» **Saved entries**:
────────────────────
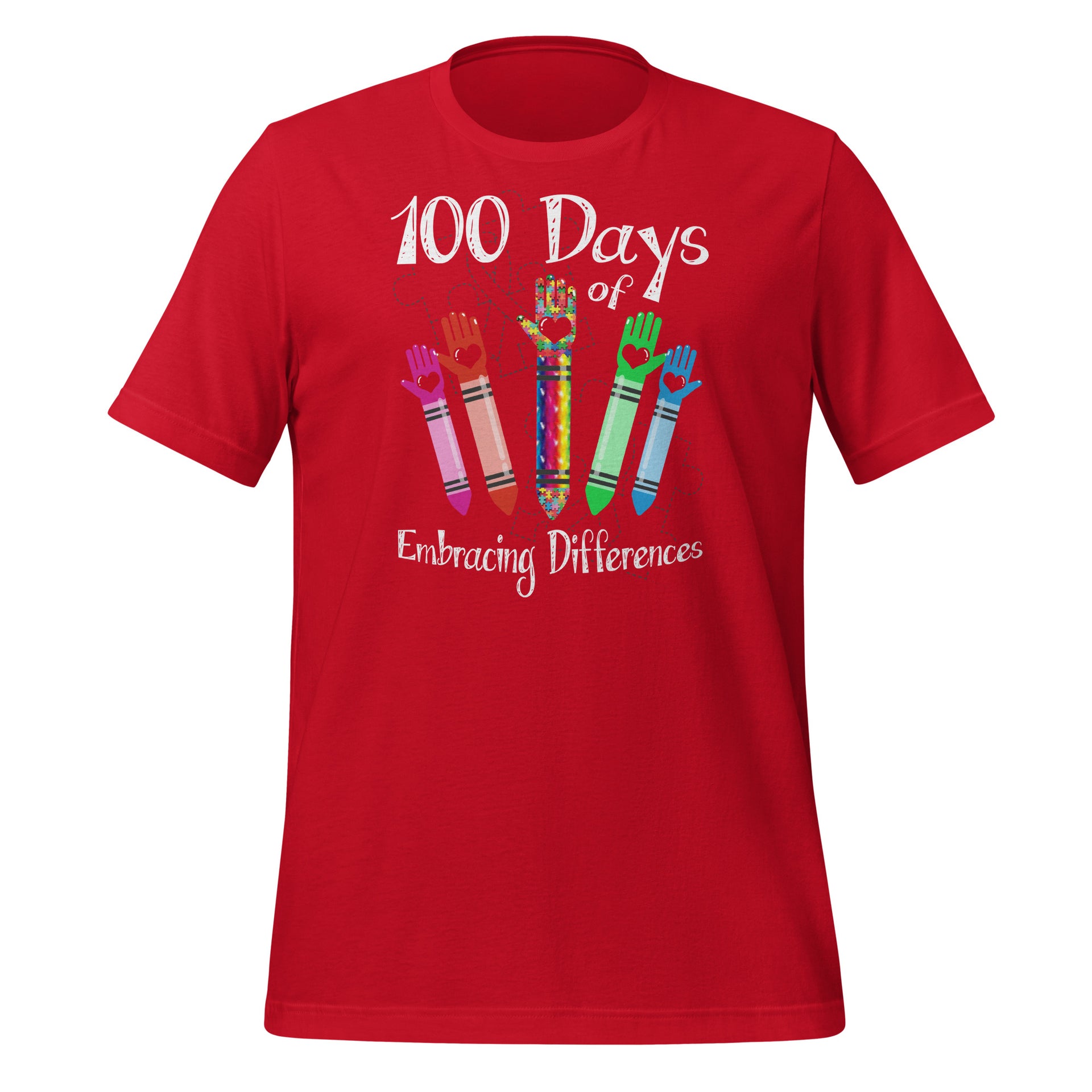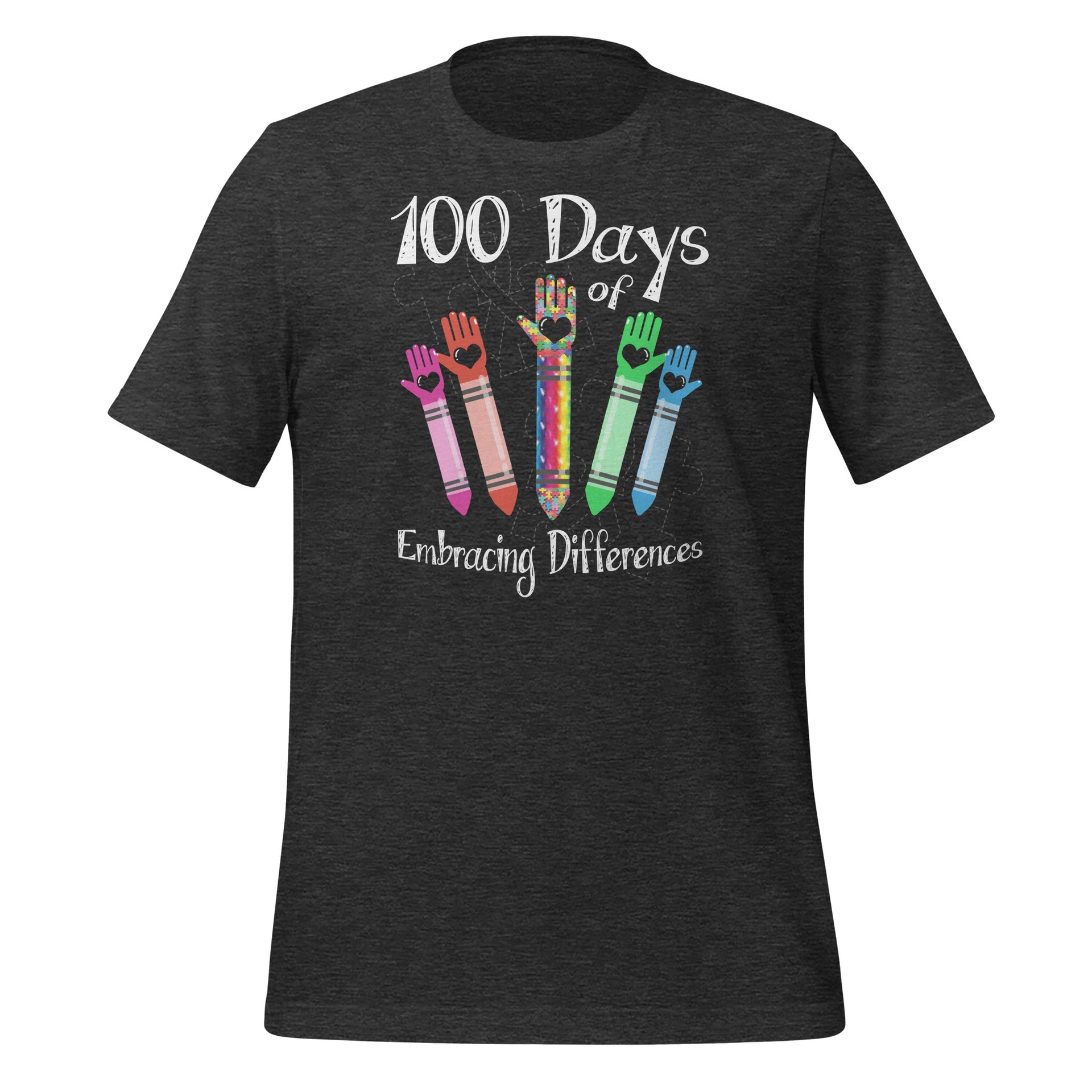 100 Days Of Embracing Differences - Autism Awareness Autistic Teacher Short-Sleeve Unisex T-Shirt
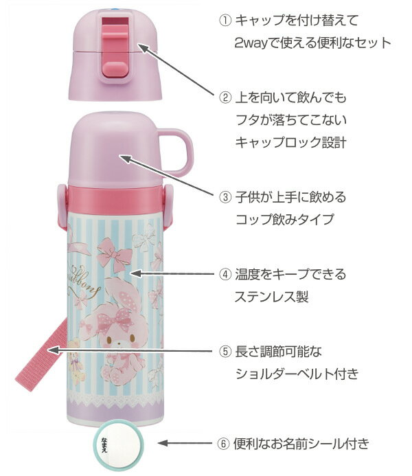 水筒 2way 直飲み コップ 超軽量 ぼんぼんりぼん くまさん 430ml ( ステンレスボトル 保温 保冷 軽量 子供 キャラクター キッズ コップ付き 直のみ ダイレクトボトル 子供用 幼稚園 保育園 サンリオ )
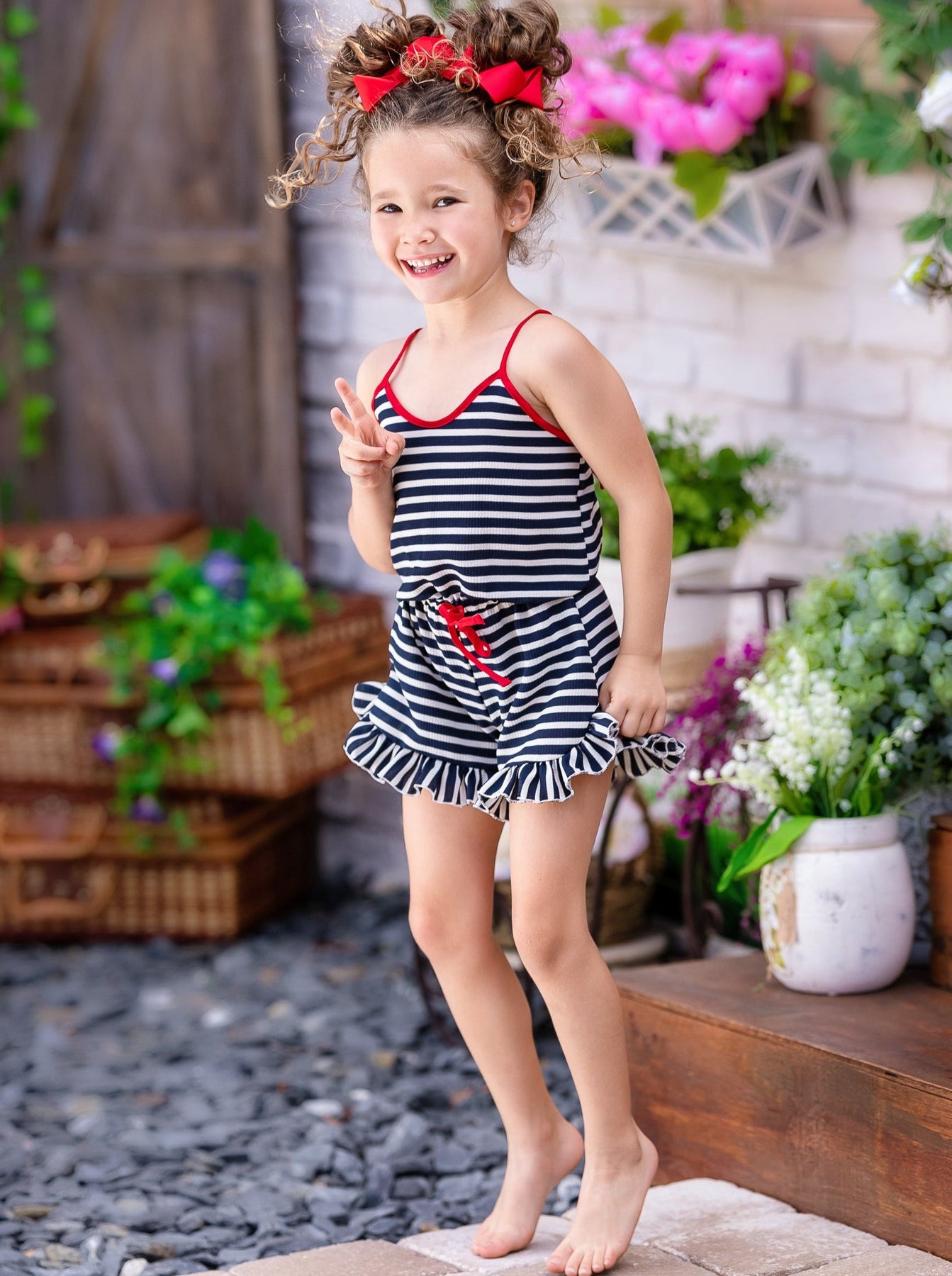 Sleeveless striped ruffle hem romper with built-in red drawstring
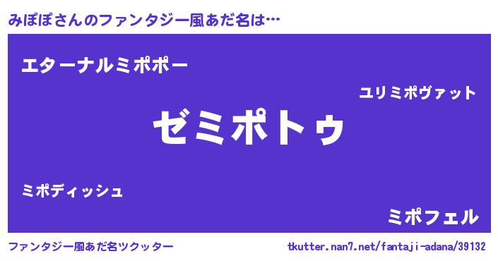 | 男性向けラノベタイトル風あだ名 | 『Re:みぽぽから始める異世界生活』 |
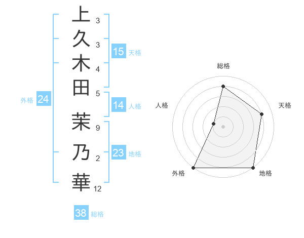 上久木田 茉乃華さんを姓名の画数から五運を鑑定
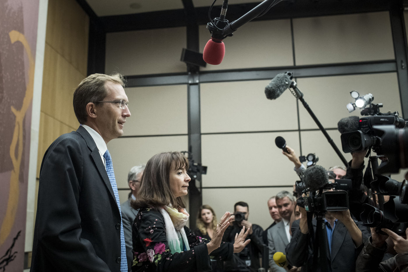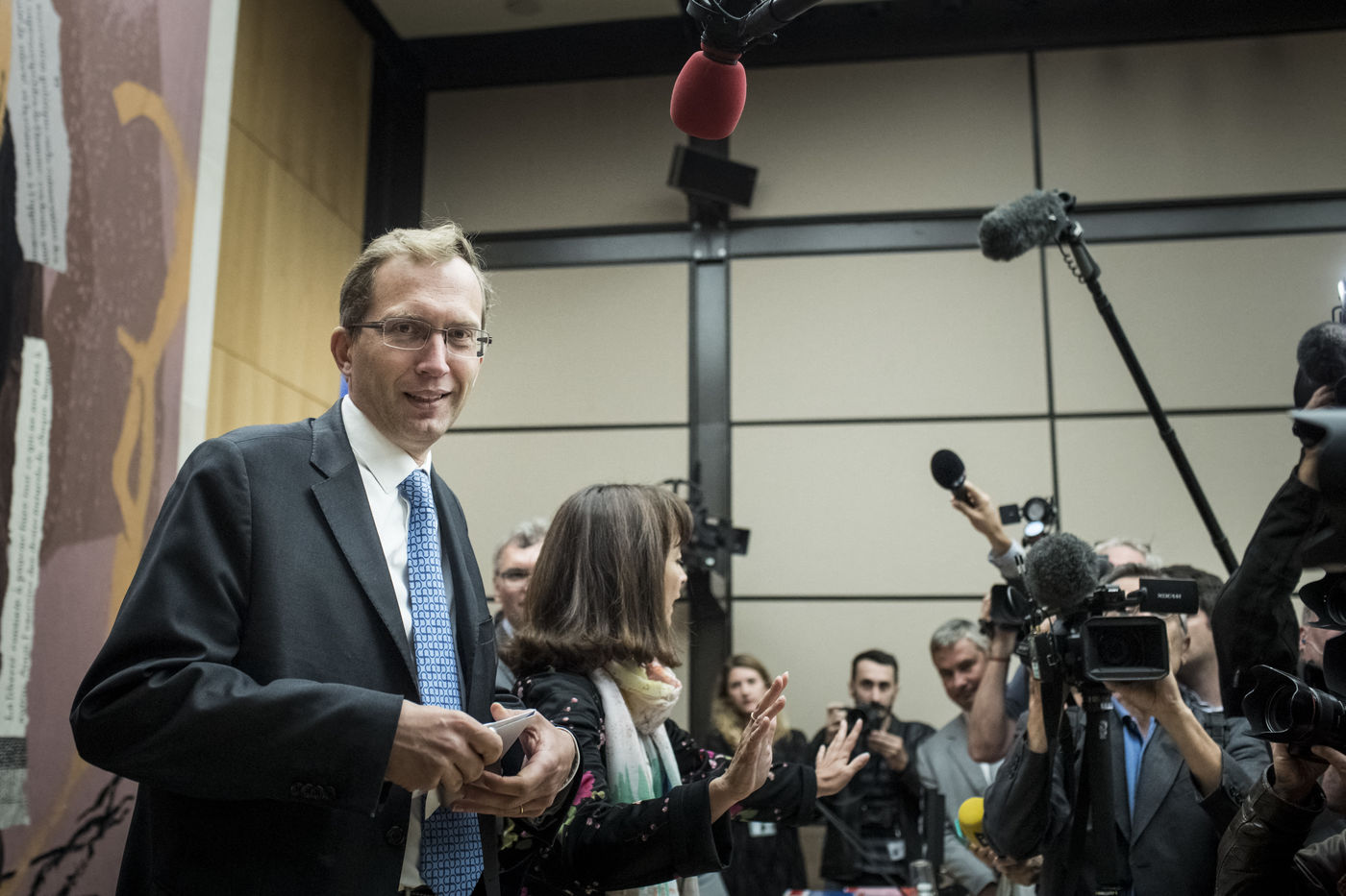 Assemblee Nationale, Paris, France, 27 septembre 2016. Henri Poupart Lafarge, PDG Alstom, entendu par la Commission des affaires economiques, apres avoir annonce la fermeture de l usine Alstom de Belfort.
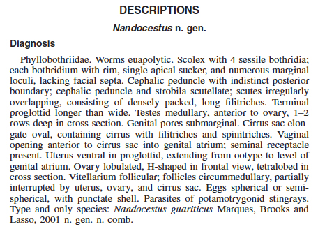 Reyda, F. B. 2008. Intestinal helminths of freshwater stingrays in southeastern Peru, and a new genus and two new species of cestode. Journal of Parasitology 94(3): 684-699.
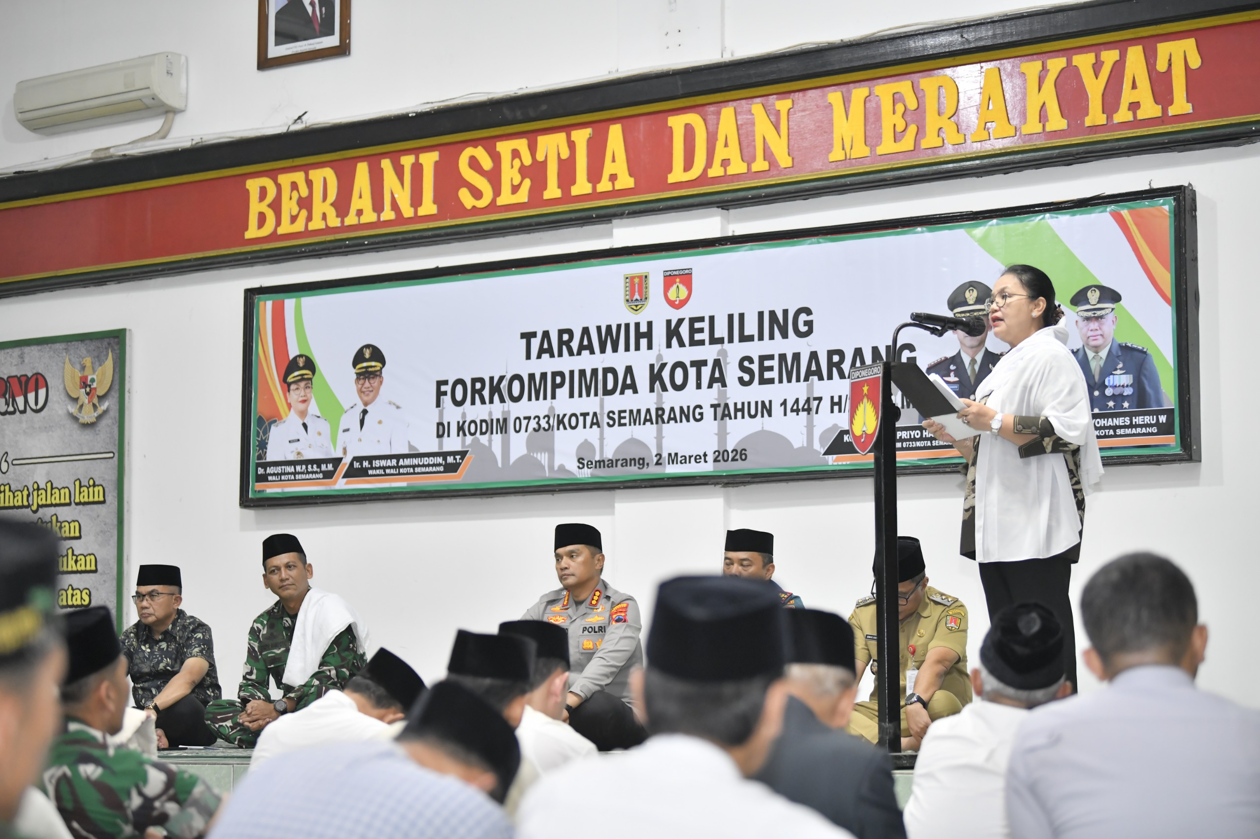 FOLKSTIME.ID – Pemerintah Kota atau Pemkot Semarang bersama Forum Komunikasi Pimpinan Daerah (Forkopimda) kembali menggelar Tarawih Keliling (Tarling) ke-4 Ramadan 1447 H, Senin (2/3/2026) malam, di Aula Sudirman Kodim 0733/Kota Semarang, Jalan Pemuda.
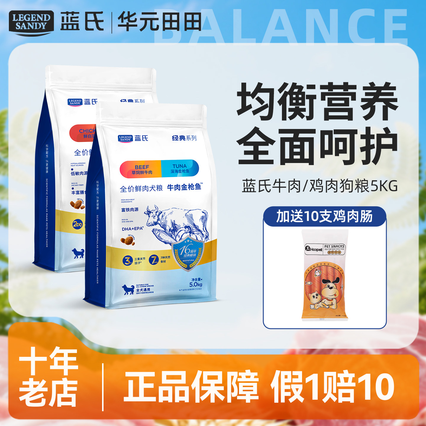 蓝氏狗粮5kg 牛肉金枪鱼通用型鸡肉燕麦成犬金毛萨摩耶阿拉斯加
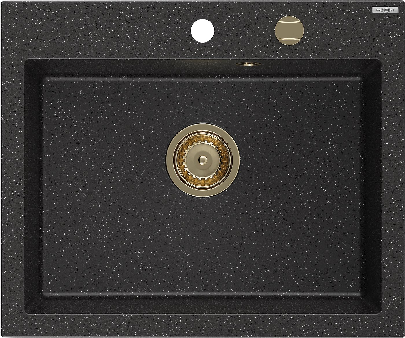 Mexen Elix гранитна мивка с 1 отделение 600 x 500 мм, черен/сребрист металик,
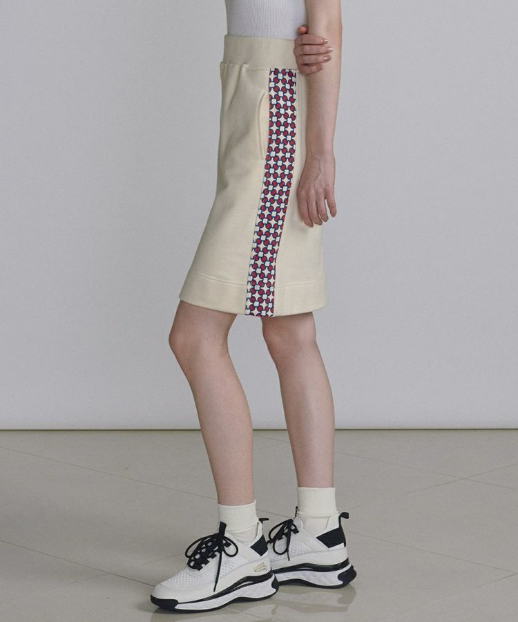 コンパクトなシルエットのミニ丈スカート。グラフィカルなチェーン柄をサイドにあしらいポイントにしています。足がキレイに長く見える絶妙な丈感なので上品さがあり、新定番の大人ミニ丈としてチャレンジしやすいアイテム。ウエストはゴム仕様なので穿き心地は楽チンです。同柄の
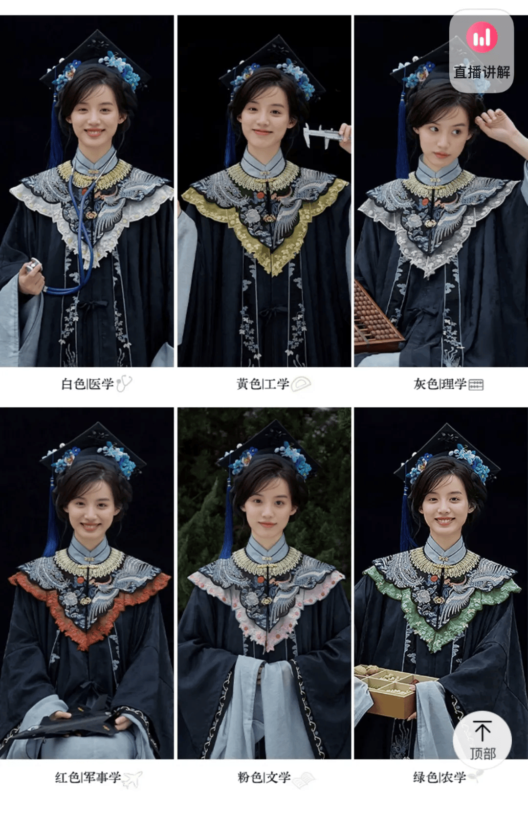 因为云肩的发展与改良,使得军、工、医、文、理、农等学科门类,总能找到靓丽又适配的搭法。
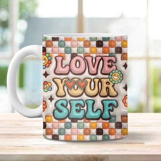 3D Inflated Love Yourself Mug, 3D Coffee Mug, Cute 3D Inflated Mug, Birthday Gift, Christimas Gift
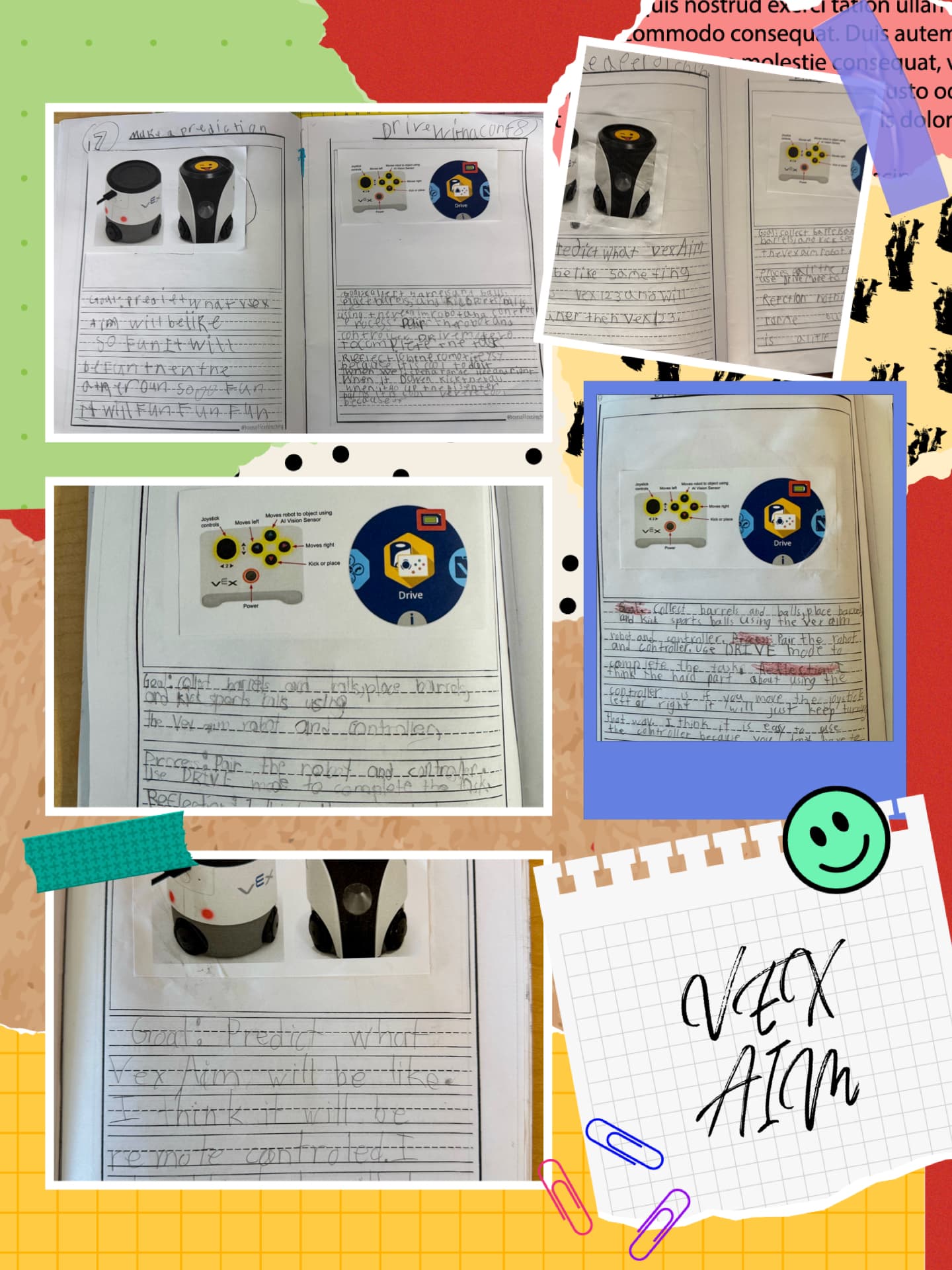The students are documenting their VEX AIM experience in their journals as well as setting goals and making predictions. I will share their coding adventures next!
────────────────────
» **ASSIGNMENT**: Could you return each line, unchanged, from the line containing "コンパクトなシルエットのミニ" through the last line of the entries above, leaving out the pictures?

» **SOLUTION FOR THIS TASK**:
 コンパクトなシルエットのミニ丈スカート。グラフィカルなチェーン柄をサイドにあしらいポイントにしています。足がキレイに長く見える絶妙な丈感なので上品さがあり、新定番の大人ミニ丈としてチャレンジしやすいアイテム。ウエストはゴム仕様なので穿き心地は楽チンです。同柄の
 因为云肩的发展与改良,使得军、工、医、文、理、农等学科门类,总能找到靓丽又适配的搭法。
 3D Inflated Love Yourself Mug, 3D Coffee Mug, Cute 3D Inflated Mug, Birthday Gift, Christimas Gift
The students are documenting their VEX AIM experience in their journals as well as setting goals and making predictions. I will share their coding adventures next!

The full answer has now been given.